*What the task asks:*
Transcribe only part of the material below: the lines from the one containing "Mens Jacket Winter" through the one containing "ну по большому", inclusive, exactly as written.
#### Data ####
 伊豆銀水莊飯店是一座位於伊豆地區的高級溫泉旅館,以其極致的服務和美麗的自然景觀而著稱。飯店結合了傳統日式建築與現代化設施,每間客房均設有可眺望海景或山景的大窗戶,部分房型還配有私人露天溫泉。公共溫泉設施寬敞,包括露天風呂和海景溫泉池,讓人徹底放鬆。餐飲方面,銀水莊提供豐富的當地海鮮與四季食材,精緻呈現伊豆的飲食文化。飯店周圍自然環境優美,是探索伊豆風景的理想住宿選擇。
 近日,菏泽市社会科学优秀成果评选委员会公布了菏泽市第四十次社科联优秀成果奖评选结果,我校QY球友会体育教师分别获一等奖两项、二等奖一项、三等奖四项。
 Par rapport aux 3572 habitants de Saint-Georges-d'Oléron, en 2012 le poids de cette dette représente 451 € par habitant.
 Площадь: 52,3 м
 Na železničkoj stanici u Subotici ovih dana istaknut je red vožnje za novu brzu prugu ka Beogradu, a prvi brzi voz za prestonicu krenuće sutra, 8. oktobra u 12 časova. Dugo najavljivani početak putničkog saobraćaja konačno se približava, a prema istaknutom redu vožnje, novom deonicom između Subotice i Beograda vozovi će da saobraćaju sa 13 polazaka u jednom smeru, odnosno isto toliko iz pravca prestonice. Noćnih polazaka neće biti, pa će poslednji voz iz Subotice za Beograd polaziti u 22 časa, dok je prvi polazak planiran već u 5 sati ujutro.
####
#### Data ####
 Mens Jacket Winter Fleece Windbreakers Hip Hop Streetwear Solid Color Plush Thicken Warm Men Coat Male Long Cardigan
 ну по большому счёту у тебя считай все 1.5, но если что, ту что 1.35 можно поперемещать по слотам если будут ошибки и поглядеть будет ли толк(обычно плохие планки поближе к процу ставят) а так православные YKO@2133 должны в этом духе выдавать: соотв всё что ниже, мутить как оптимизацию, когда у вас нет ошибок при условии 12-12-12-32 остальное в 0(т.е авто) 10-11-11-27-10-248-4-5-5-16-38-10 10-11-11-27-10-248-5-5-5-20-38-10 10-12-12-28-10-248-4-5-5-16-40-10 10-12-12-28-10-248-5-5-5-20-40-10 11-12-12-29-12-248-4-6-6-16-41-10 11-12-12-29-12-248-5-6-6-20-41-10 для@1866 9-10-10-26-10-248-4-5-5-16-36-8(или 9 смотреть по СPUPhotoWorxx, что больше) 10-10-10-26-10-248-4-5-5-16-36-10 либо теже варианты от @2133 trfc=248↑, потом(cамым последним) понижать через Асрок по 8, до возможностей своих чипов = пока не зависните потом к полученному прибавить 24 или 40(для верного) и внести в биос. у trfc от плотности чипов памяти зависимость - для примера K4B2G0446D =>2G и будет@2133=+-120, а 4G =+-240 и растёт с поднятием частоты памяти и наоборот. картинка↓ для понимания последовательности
####
*Result:*
 Mens Jacket Winter Fleece Windbreakers Hip Hop Streetwear Solid Color Plush Thicken Warm Men Coat Male Long Cardigan
 ну по большому счёту у тебя считай все 1.5, но если что, ту что 1.35 можно поперемещать по слотам если будут ошибки и поглядеть будет ли толк(обычно плохие планки поближе к процу ставят) а так православные YKO@2133 должны в этом духе выдавать: соотв всё что ниже, мутить как оптимизацию, когда у вас нет ошибок при условии 12-12-12-32 остальное в 0(т.е авто) 10-11-11-27-10-248-4-5-5-16-38-10 10-11-11-27-10-248-5-5-5-20-38-10 10-12-12-28-10-248-4-5-5-16-40-10 10-12-12-28-10-248-5-5-5-20-40-10 11-12-12-29-12-248-4-6-6-16-41-10 11-12-12-29-12-248-5-6-6-20-41-10 для@1866 9-10-10-26-10-248-4-5-5-16-36-8(или 9 смотреть по СPUPhotoWorxx, что больше) 10-10-10-26-10-248-4-5-5-16-36-10 либо теже варианты от @2133 trfc=248↑, потом(cамым последним) понижать через Асрок по 8, до возможностей своих чипов = пока не зависните потом к полученному прибавить 24 или 40(для верного) и внести в биос. у trfc от плотности чипов памяти зависимость - для примера K4B2G0446D =>2G и будет@2133=+-120, а 4G =+-240 и растёт с поднятием частоты памяти и наоборот. картинка↓ для понимания последовательности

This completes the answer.